Building a 3-Tier Multi-Region High Availability Architecture with Terraform
Adherence to best practices, scalability, and accuracy are necessary when deploying a three-tier design across several locations.
In our last blog here, we illustrated how to deploy a core infrastructure. We are now taking things a step further by developing our idea into a three-tier architecture. This entails adding a database layer, providing high availability by duplicating infrastructure across regions, and employing Terraform modules and aliasing to improve modularity and reuse.
Overview
A three-tier architecture separates the system into logical layers, each serving a specific purpose:
Frontend Layer:To ensure high availability and fault tolerance, an Auto Scaling Group (ASG) has been deployed behind an Application Load Balancer (ALB).
Application Layer: Hosted on instances in private subnets.

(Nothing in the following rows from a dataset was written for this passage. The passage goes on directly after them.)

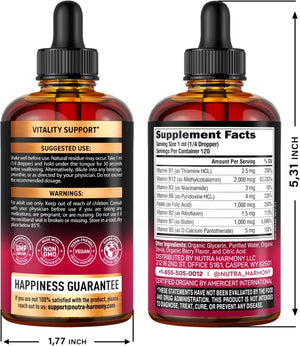 Favorece a la energía, cerebro y corazón: los suplementos de complejo B de vitamina para hombres y mujeres están elaborados para respaldar las funciones cerebrales y nerviosas, ayudándote a mantenerte alerta, enfocado y con un excelente estado mental. ¡Deja que tu inteligencia brille con un respaldo sostenido del cerebro y los nervios! La sólida mezcla de complejo de vitamina B líquida con ácido pantoténico B5 y vitamina B12 asegura que tu sistema inmunológico pueda enfrentar los desafíos de la vida.
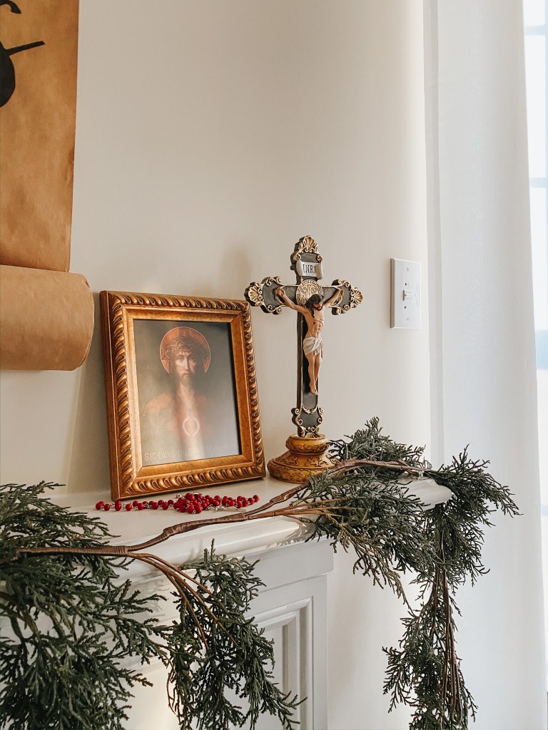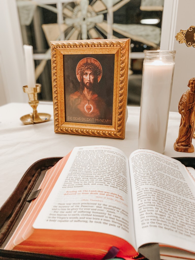 Sacred art is a great gift to the Church for it provides us to come into deeper prayer with the Gospel and even the mystery of the Eucharist in ways that perhaps words couldn’t explain. Each day of Lent I make an effort to stare at this image of the Sacred Heart of Jesus on my mantle for a moment. His thorn crowned brow. The tears on His face. The Eucharist Host behind His Sacred heart, enflamed with love for us…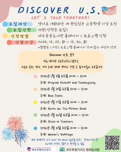 [파이낸셜경제=김영란 기자] 제주특별자치도 한라도서관은 주한미국대사관과 협력해 도민의 글로벌 이해와 영어 활용 역량 강화를 위한 교육 프로그램 ‘Discover U.S.’를 올해부터 운영한다고 밝혔다.

These instances employed NAT Gateways in public subnets for outbound internet access, which kept them secure. Application configurations were maintained using a launch template. Each instance had an instance profile, which granted access to specific AWS resources like Secrets Manager (for database credentials) and an S3 bucket.
Database Layer: An Amazon RDS instance is kept within a private subnet. This database was only available to application instances, establishing strong security boundaries. We set up read replicas for failover and performance optimization.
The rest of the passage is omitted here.